Ninety-nine percent (emphasis added) of individuals who apply for redress are not on the terrorist watchlist, but are misidentified as people who are.
Using DHS TRIP
DHS TRIP uses an online form that you complete using your computer and an Internet connection. It takes just a few moments to complete the screens and submit your complaint. You will be asked to submit documentation to complete the redress process..
For U.S. citizens
Please provide a legible copy of an unexpired U.S. passport. If you do not have a U.S. passport, please provide at least one legible copy of an unexpired government-issued photo identification document from the list below.
How the Information You Submit Will Be Used
The information that you provide will be used to process your request for redress. To process your request, DHS TRIP will share this information within the Department and outside the Department with components or entities that can help address the underlying issues regarding your redress request. DHS TRIP may share information about you with airlines or other third parties where necessary to implement the redress resolution.
In very limited circumstances, information from an individual may be shared for reasons not related to the redress process (emphasis added). For example, if a person were to submit information indicating illegal activity, such as providing a fraudulent passport or driver's license, this information may be turned over to appropriate authorities for proper investigation.
Redress Control Number
When you submit your DHS TRIP Traveler Inquiry Form, the DHS TRIP system automatically assigns you a Redress Control Number.

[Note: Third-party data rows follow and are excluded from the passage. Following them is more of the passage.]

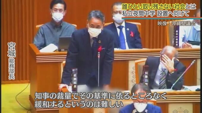 玉城知事(答弁)「本県においても夜間中学校を設置する必要性は議員同様に認識しているところであります。今後中学校設置基準の緩和について、しっかり国に働きかけて参りたい」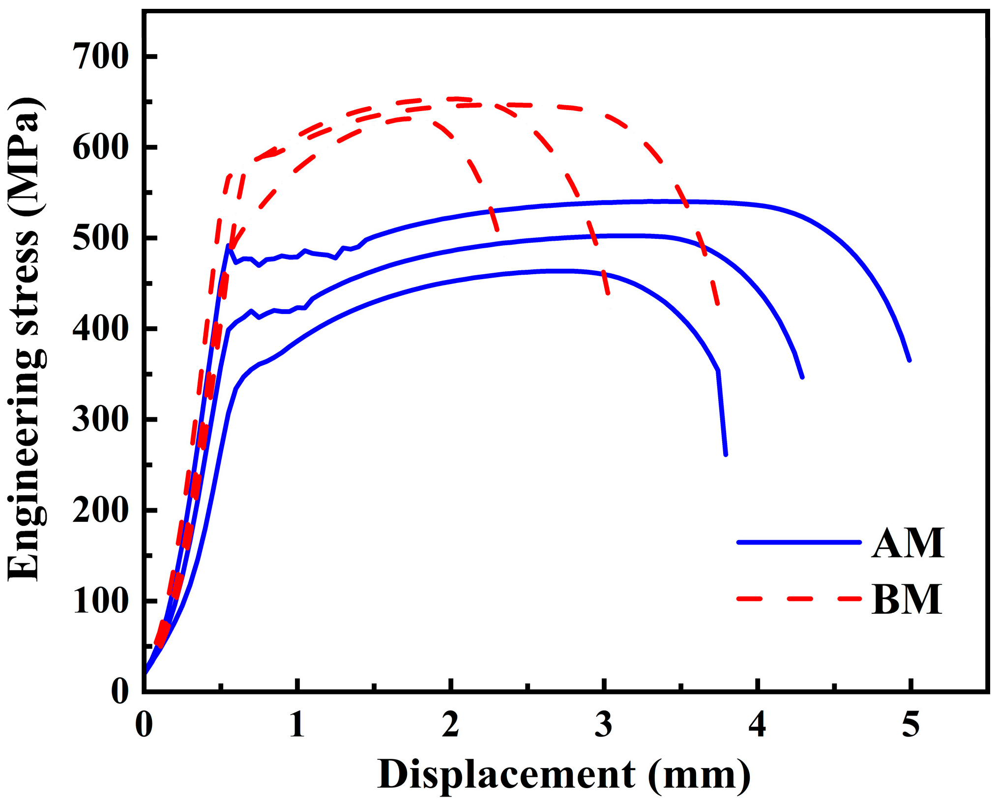 - The AM X70 exhibited a YS of 435 MPa and an UTS of 513 MPa. Both the YS and UTS of the AM X70 were lower than those of the BM and API 5L standard. The elongation of AM X70 reached 42.9%, which was 58% higher than that of the BM. The reduction in strength stemmed from the grain coarsening and decreased dislocation density induced by the L-DED thermal cycles. Meanwhile, the plastic accommodation ability was enhanced, resulting in substantially improved ductility. In harsh service environments characterized by complex stress states, the strength of repaired pipeline steel becomes critically important. Given the current limitations in mechanical performance, future work will primarily focus on enhancing the strength of the deposited X70 steel.
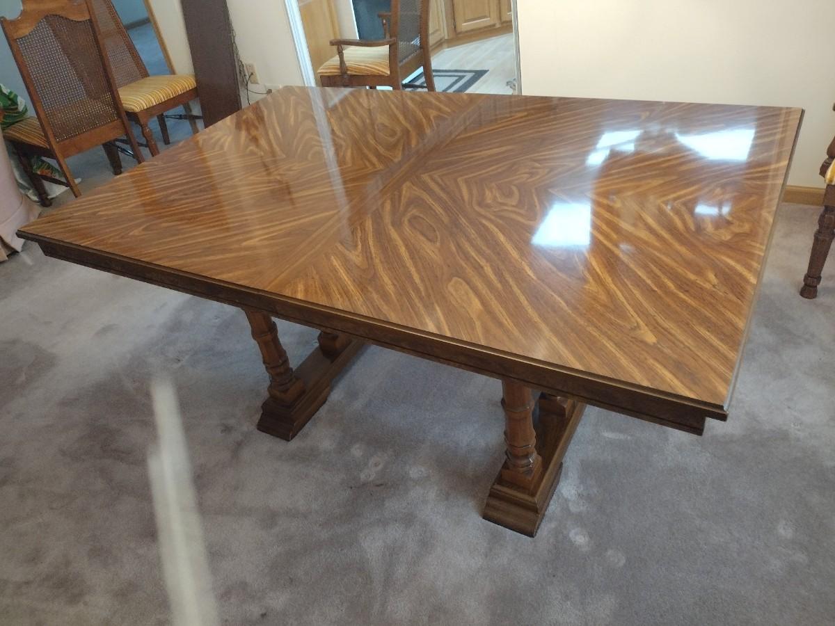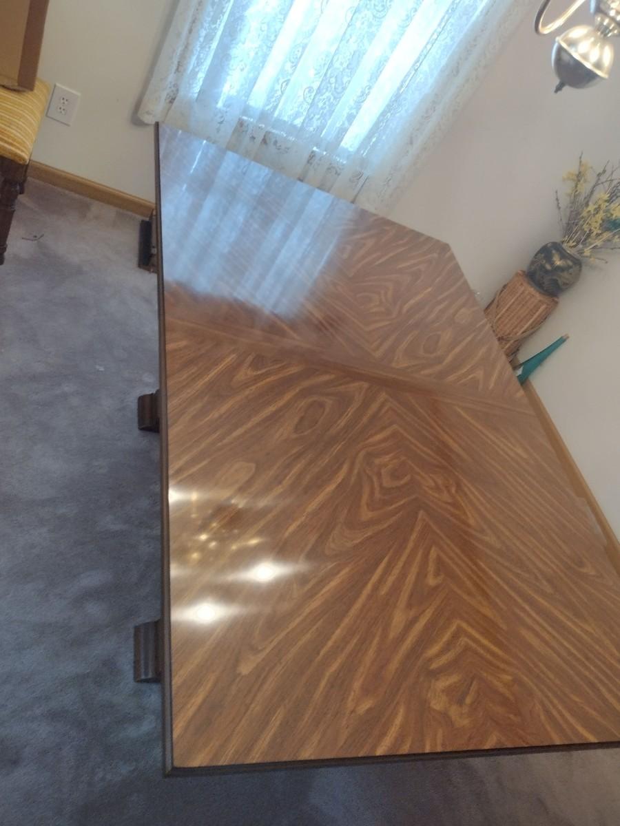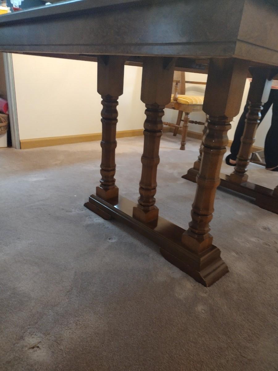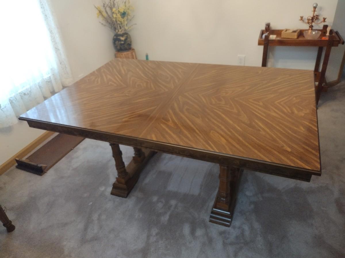 Oak dining table measures 64x42x29 with three 12" leaves. One leaf has the table frame on it.

You will be able to use this number to track the status of your inquiry. After your inquiry is completed, you will also be able to use the number when you make an airline reservation.
When you make an airline reservation, provide your redress number when requested by your travel arranger or airline representative, or when prompted by an interactive reservation system. This will enable your airline to determine quickly your identity and reduce the likelihood of mistaken identity during future trips.
After the Issue is Resolved
DHS TRIP is designed specifically to help travelers improve their travel experience and correct inaccuracies in government records that may contribute to difficulties when traveling. Security procedures and legal concerns mandate that we can neither confirm nor deny any information about you that may be within federal watch lists; we also cannot reveal any law enforcement-sensitive information. (Emphasis added)
You Disagree with the Resolution
If you feel that your request for redress was resolved incorrectly, please follow the instructions that you received in your resolution letter.
FBI - Filing a Redress Inquiry
The TSC does not accept redress inquiries directly from the public (emphasis added). Instead, members of the public should contact the relevant screening agency with their questions or concerns about screening. The screening agency is in the best position to identify and resolve issues related to that agency's screening process.